What needs to be done:
In the records below, repeat exactly the lines between the line holding "2025年11月8日,由江苏" and the line holding "Happy Halloween Monster", inclusive, and drop the pictures.

Dataset content:
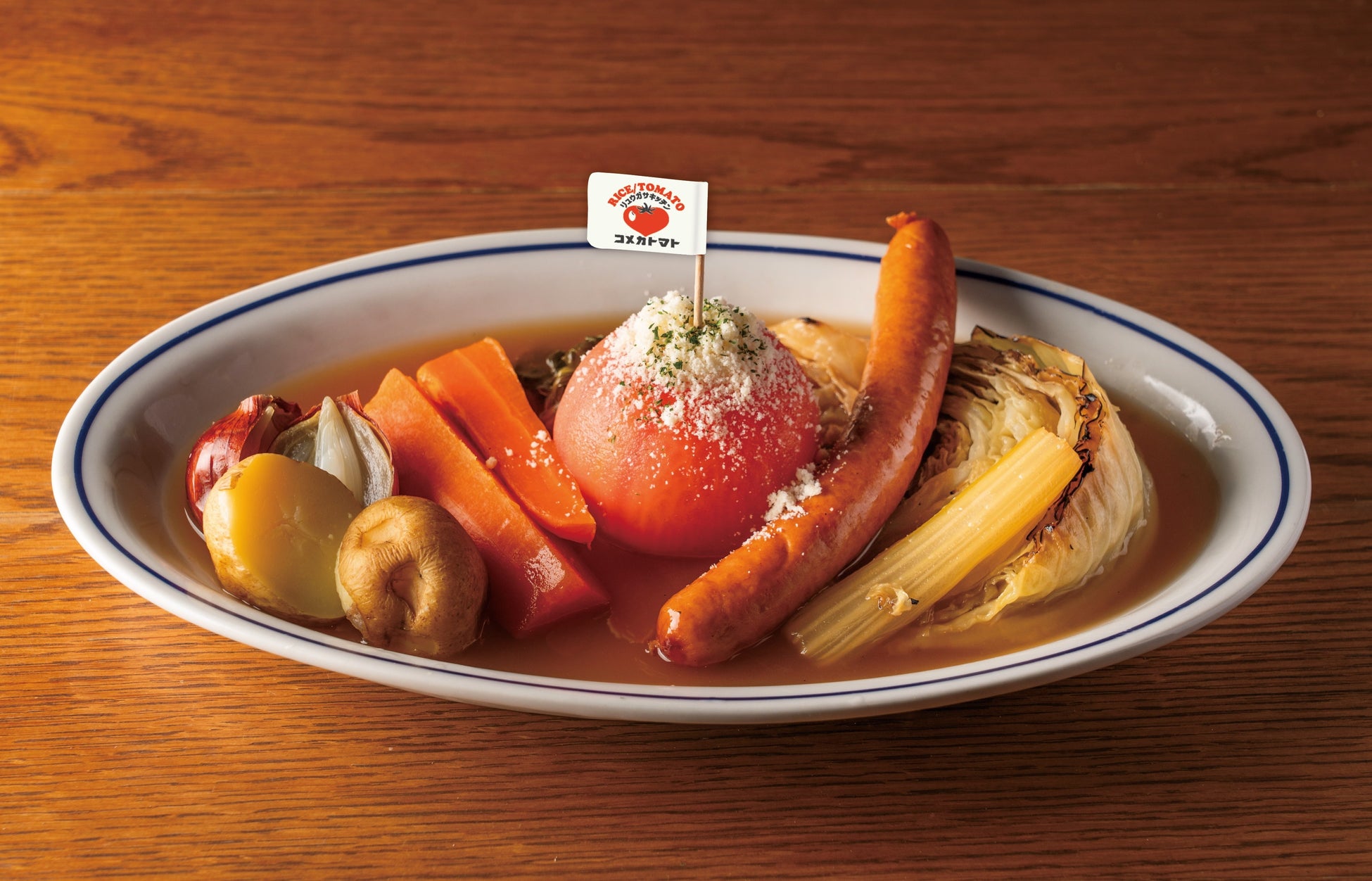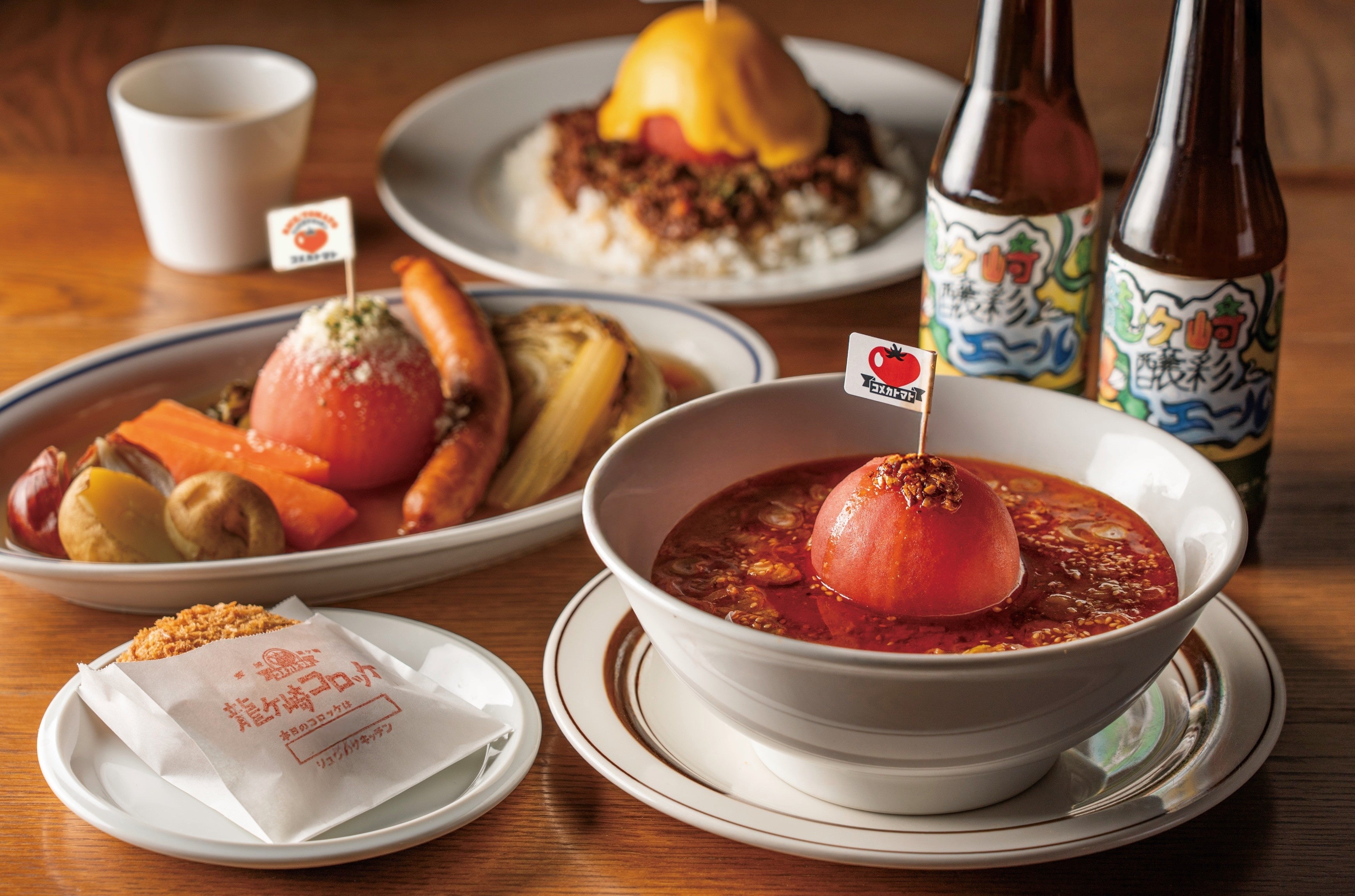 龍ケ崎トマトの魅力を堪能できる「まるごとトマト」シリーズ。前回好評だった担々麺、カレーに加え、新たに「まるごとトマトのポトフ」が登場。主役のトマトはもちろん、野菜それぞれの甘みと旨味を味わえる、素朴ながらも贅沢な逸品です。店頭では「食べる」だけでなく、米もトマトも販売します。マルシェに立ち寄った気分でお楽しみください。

==

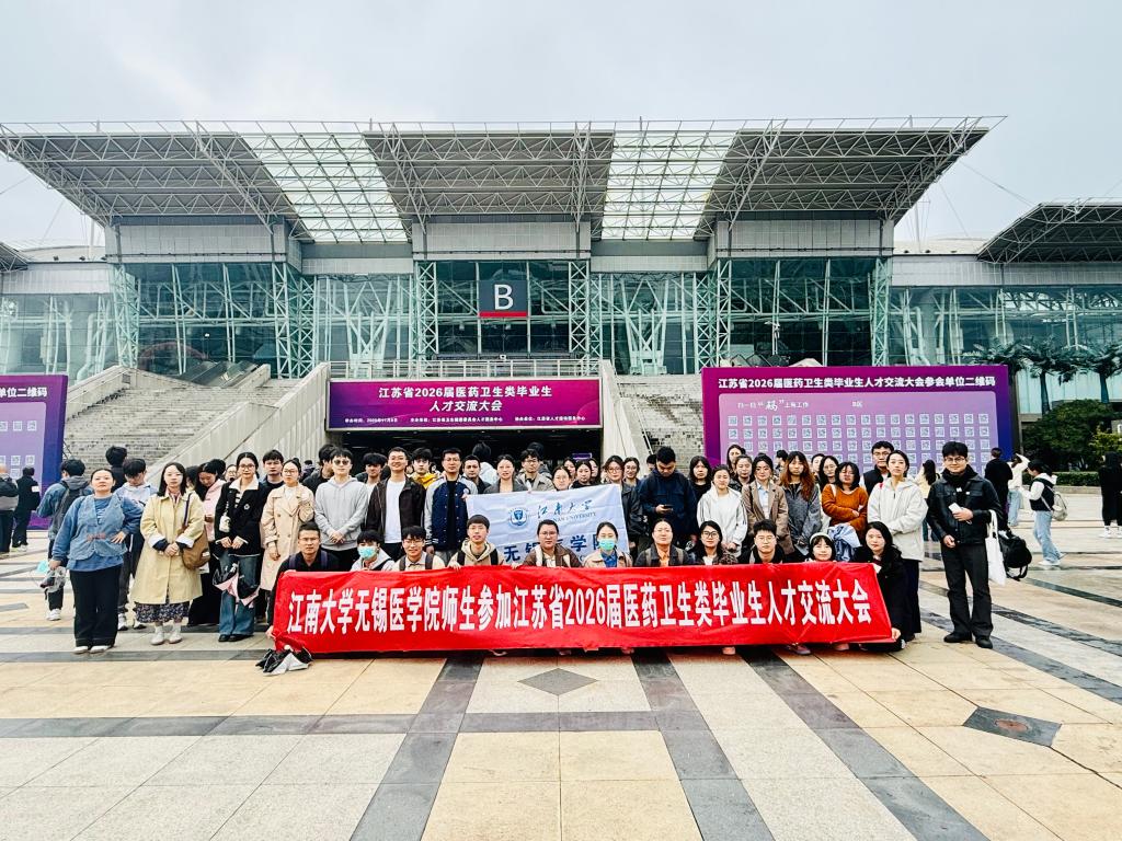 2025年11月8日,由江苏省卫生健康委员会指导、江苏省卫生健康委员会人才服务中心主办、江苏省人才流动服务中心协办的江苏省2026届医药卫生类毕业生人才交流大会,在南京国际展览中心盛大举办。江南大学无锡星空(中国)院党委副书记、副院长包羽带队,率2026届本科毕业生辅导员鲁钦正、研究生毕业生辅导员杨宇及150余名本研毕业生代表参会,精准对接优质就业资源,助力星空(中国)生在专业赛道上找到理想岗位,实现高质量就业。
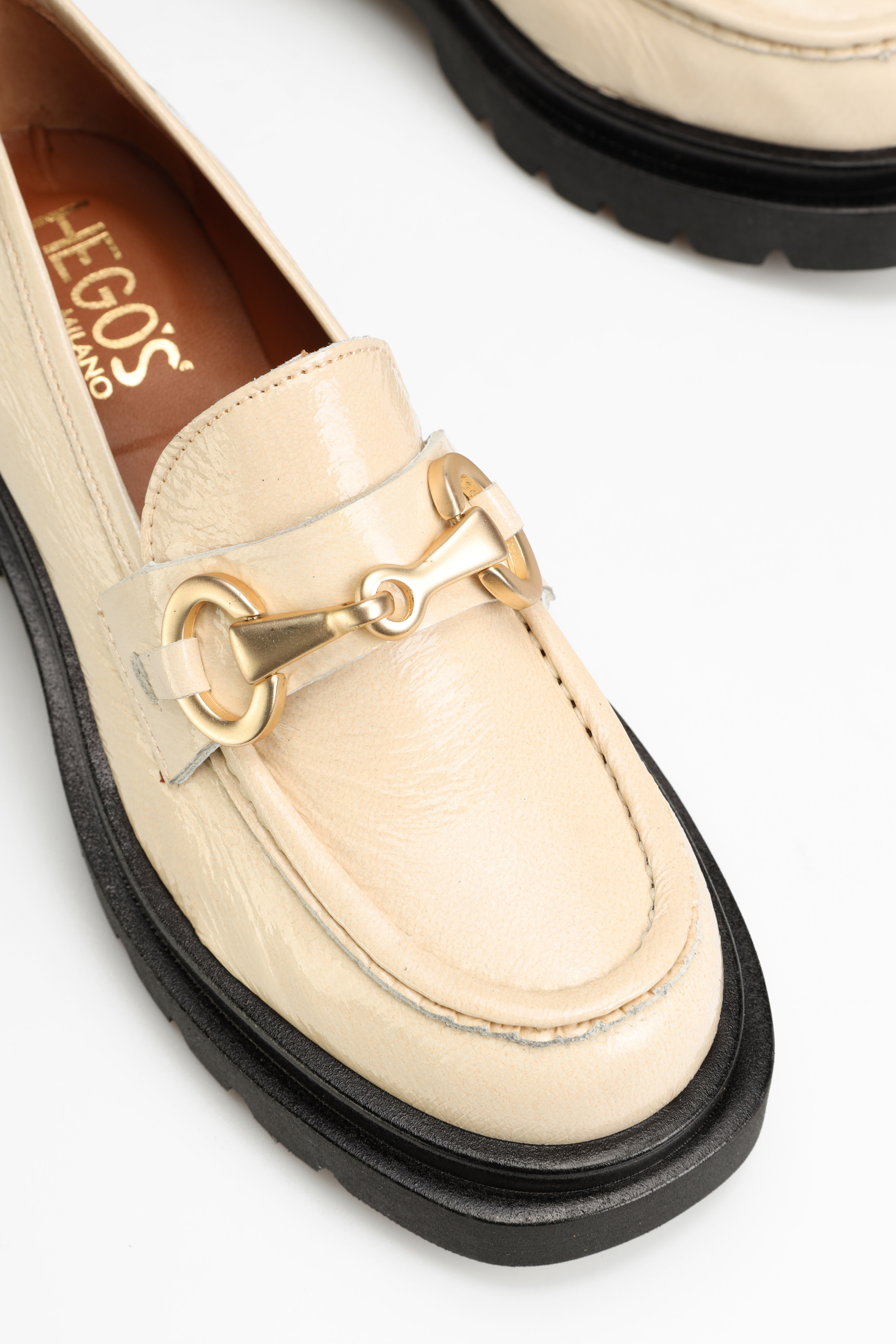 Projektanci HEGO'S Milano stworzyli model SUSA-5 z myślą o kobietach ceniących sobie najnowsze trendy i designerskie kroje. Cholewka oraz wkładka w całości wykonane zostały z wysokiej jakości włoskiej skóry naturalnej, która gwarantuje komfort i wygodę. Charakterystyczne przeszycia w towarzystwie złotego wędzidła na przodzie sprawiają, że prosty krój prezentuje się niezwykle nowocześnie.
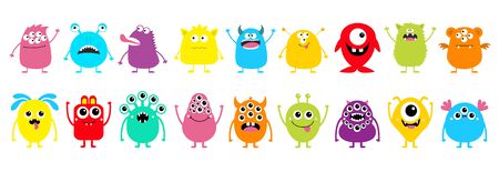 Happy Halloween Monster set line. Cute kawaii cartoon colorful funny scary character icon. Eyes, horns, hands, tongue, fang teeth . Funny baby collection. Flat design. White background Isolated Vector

Expected output:
 2025年11月8日,由江苏省卫生健康委员会指导、江苏省卫生健康委员会人才服务中心主办、江苏省人才流动服务中心协办的江苏省2026届医药卫生类毕业生人才交流大会,在南京国际展览中心盛大举办。江南大学无锡星空(中国)院党委副书记、副院长包羽带队,率2026届本科毕业生辅导员鲁钦正、研究生毕业生辅导员杨宇及150余名本研毕业生代表参会,精准对接优质就业资源,助力星空(中国)生在专业赛道上找到理想岗位,实现高质量就业。
 Projektanci HEGO'S Milano stworzyli model SUSA-5 z myślą o kobietach ceniących sobie najnowsze trendy i designerskie kroje. Cholewka oraz wkładka w całości wykonane zostały z wysokiej jakości włoskiej skóry naturalnej, która gwarantuje komfort i wygodę. Charakterystyczne przeszycia w towarzystwie złotego wędzidła na przodzie sprawiają, że prosty krój prezentuje się niezwykle nowocześnie.
 Happy Halloween Monster set line. Cute kawaii cartoon colorful funny scary character icon. Eyes, horns, hands, tongue, fang teeth . Funny baby collection. Flat design. White background Isolated Vector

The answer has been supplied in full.